Different sized dolls by Flickr user Davidd

writes on June 2, 2014

(Image from Flickr user Davidd)

Responsive web design has changed a lot over the last few years. Front end development teacher, Nick Pettit updates you on all that’s changed when it comes to making websites work on mobile devices.

Responsive web design is a technique for building websites that work on mobile devices, tablets, and desktop screens. Not long ago, websites were typically designed specifically for laptop and desktop screen resolutions. This worked fine until the advent of web capable smart phones and tablets. Web designers approached the new challenge with a myriad of solutions, but the clear winner was Ethan Marcotte’s seminal article on Responsive Web Design back in May of 2010.

Responsive web design has changed a lot since then, and it even evolved in just the last two years since I wrote my beginner’s guide to responsive web design. Whether you’re totally new to web design or if you need to learn what’s new, this guide will help you catch up with the present.

What is Responsive Web Design?

For all that’s changed, it’s amazing how much has stayed the same.
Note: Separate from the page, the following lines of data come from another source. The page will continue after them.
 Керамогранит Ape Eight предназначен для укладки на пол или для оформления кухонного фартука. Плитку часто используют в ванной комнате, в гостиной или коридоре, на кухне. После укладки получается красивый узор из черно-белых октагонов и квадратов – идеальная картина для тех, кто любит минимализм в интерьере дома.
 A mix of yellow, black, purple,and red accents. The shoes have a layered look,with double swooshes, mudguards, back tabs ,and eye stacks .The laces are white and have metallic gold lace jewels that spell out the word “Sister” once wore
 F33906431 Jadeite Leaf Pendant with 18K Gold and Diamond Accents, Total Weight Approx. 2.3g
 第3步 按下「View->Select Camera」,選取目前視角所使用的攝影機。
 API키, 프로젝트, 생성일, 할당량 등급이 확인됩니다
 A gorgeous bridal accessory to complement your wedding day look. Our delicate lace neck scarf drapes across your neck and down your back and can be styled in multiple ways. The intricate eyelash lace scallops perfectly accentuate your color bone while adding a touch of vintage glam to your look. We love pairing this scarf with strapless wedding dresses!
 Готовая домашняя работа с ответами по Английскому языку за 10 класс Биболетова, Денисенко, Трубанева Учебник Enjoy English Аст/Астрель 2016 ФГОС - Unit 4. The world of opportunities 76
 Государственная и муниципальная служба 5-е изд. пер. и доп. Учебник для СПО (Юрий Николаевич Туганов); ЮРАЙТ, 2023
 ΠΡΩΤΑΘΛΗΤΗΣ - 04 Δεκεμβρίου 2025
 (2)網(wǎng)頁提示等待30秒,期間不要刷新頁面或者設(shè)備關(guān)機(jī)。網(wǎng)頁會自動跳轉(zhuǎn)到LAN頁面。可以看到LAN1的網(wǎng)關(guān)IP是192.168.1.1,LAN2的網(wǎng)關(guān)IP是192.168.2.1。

The basic principles of responsive web design that Ethan wrote in his article are just as relevant as ever.

As I mentioned in the introduction, responsive web design solves the problem of making the same code work across multiple screen resolutions. Many modern websites are responsive, and in fact, the Treehouse Blog is one of them. If you resize your browser window, you’ll see the screen elements resize themselves like so:

Screenshot of this blog at a mobile size, tablet size, and desktop size. In each instance, the page elements have visually rearranged themselves to be optimal for the display.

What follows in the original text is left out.